(Beginning of Source material)

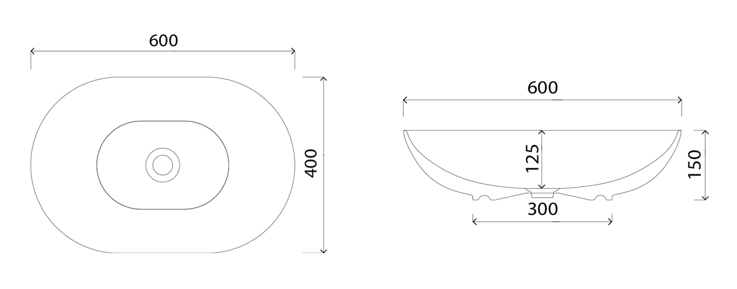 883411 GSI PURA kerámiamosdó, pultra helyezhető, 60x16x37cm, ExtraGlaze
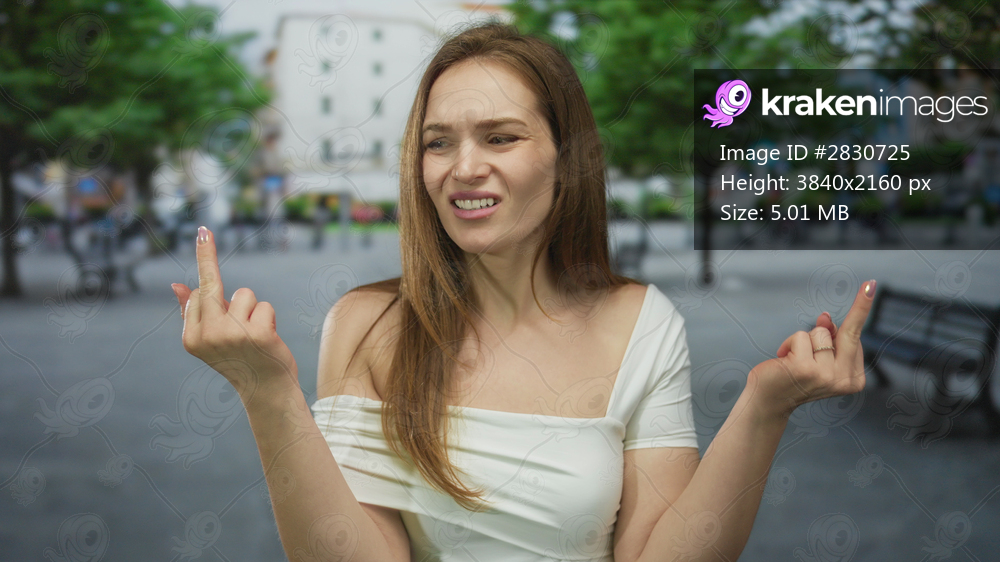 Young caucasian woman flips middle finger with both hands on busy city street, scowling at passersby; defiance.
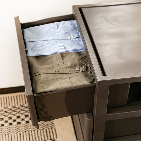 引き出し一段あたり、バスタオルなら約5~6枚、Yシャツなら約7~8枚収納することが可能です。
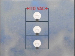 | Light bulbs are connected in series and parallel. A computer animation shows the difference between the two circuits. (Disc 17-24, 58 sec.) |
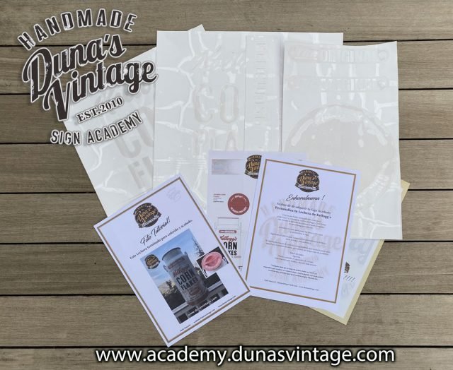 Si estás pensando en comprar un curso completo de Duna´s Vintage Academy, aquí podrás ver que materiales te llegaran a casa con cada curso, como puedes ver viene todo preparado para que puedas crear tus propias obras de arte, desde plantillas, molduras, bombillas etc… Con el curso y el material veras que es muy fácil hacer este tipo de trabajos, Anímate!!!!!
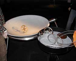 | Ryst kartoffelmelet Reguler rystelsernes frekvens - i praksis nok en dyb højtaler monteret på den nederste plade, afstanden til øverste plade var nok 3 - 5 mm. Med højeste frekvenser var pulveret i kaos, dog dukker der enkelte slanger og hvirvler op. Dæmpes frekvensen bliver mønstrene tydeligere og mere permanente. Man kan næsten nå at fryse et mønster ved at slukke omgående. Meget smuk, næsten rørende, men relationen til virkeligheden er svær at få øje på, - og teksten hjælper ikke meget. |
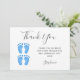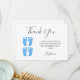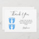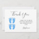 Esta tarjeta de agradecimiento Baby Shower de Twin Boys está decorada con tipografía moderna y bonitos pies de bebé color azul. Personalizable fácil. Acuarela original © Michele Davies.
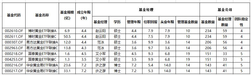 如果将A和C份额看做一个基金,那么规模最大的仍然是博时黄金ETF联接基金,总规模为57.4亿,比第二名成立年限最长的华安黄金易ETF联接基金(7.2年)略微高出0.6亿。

(End of Source material)
(Beginning of Source material)

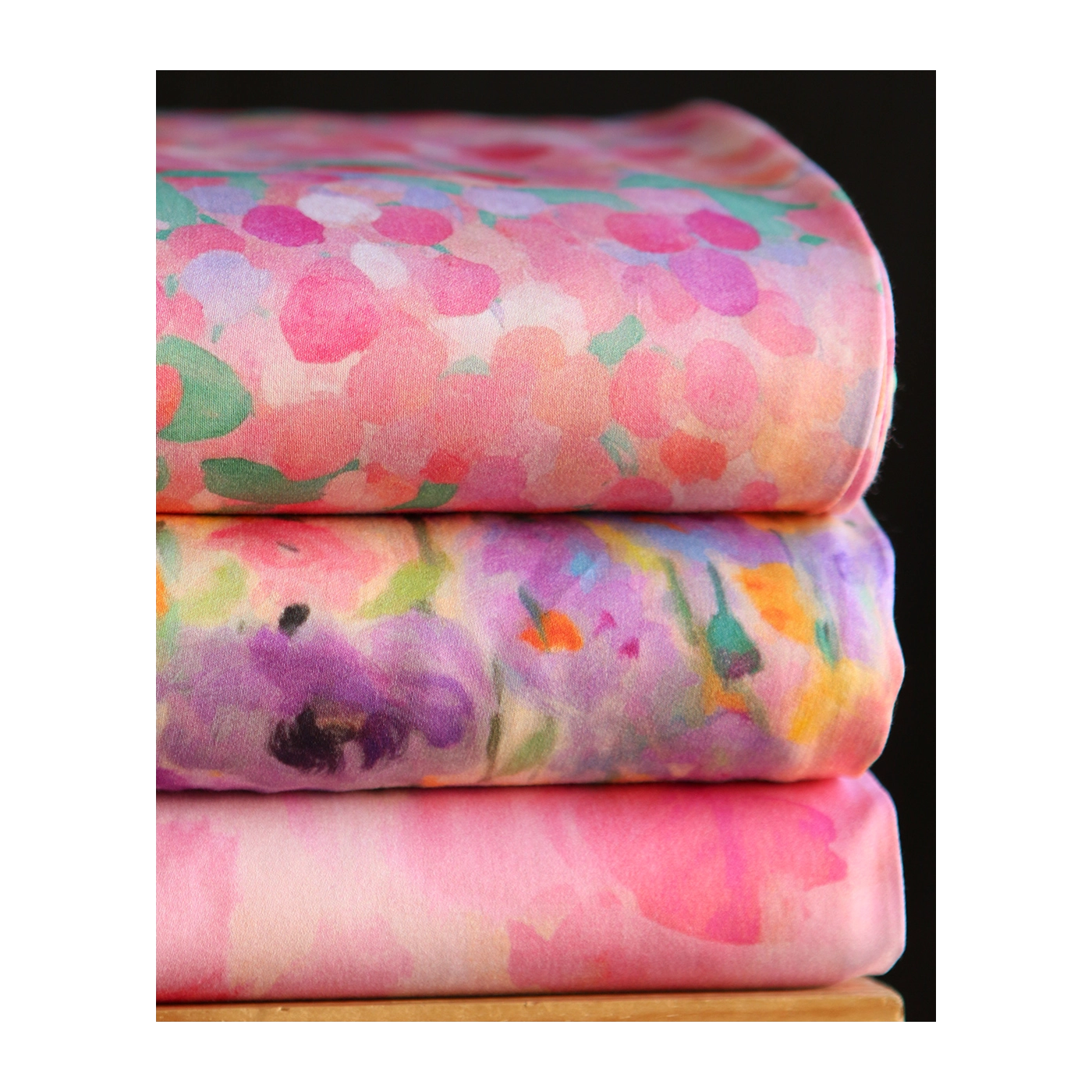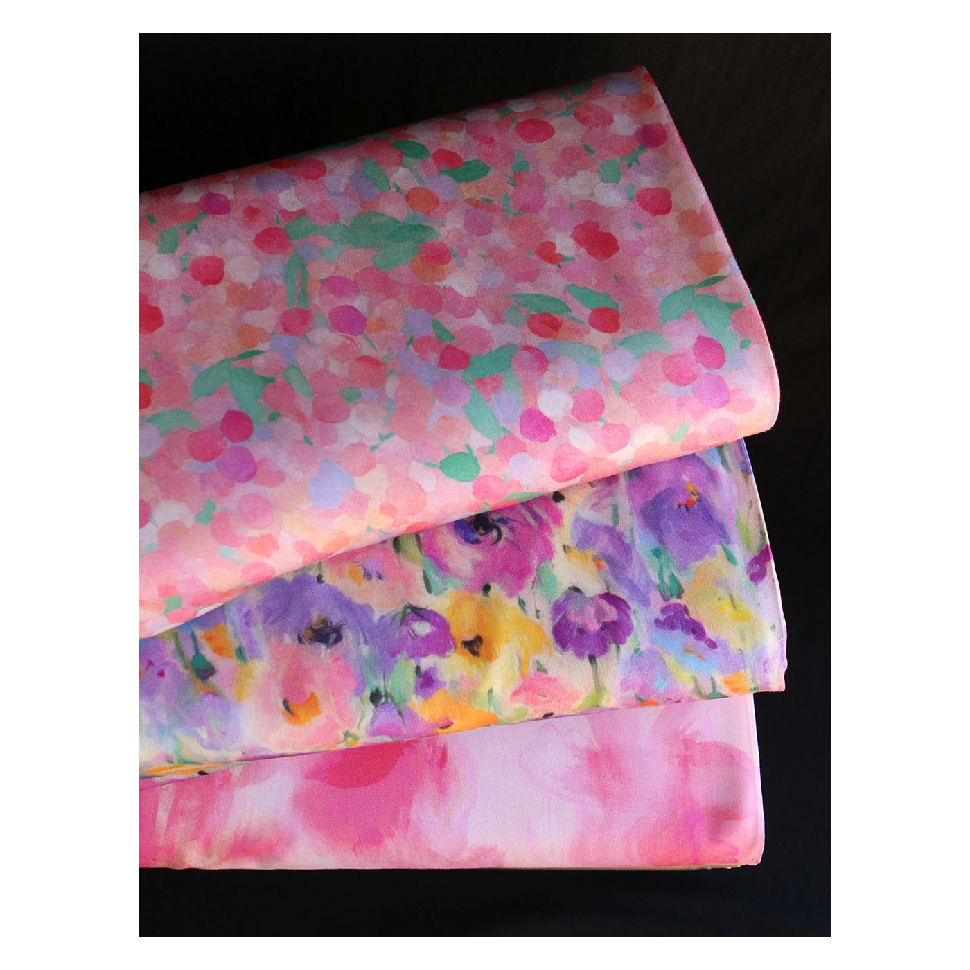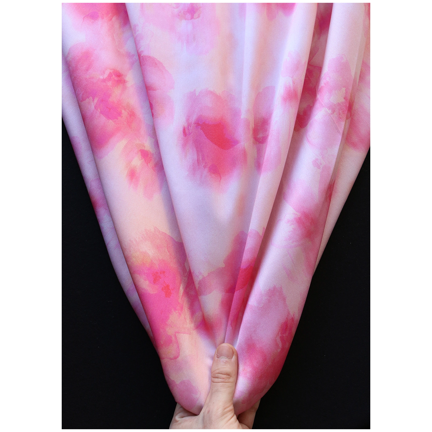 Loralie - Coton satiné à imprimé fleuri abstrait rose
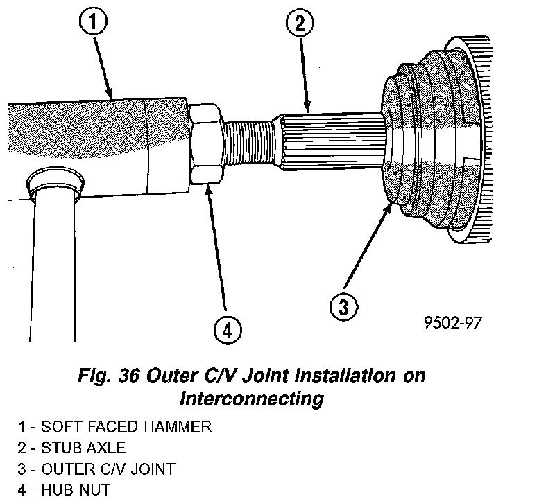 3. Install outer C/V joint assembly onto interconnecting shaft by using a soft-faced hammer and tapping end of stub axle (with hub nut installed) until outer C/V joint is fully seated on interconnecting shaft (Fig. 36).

(End of Source material)

Activity: Extract the part of the records that opens with the line containing "883411 GSI PURA" and closes with the line containing "引き出し一段あたり、バスタオ". Take only those lines, exactly, and no pictures.

Answer:
 883411 GSI PURA kerámiamosdó, pultra helyezhető, 60x16x37cm, ExtraGlaze
 Young caucasian woman flips middle finger with both hands on busy city street, scowling at passersby; defiance.
 引き出し一段あたり、バスタオルなら約5~6枚、Yシャツなら約7~8枚収納することが可能です。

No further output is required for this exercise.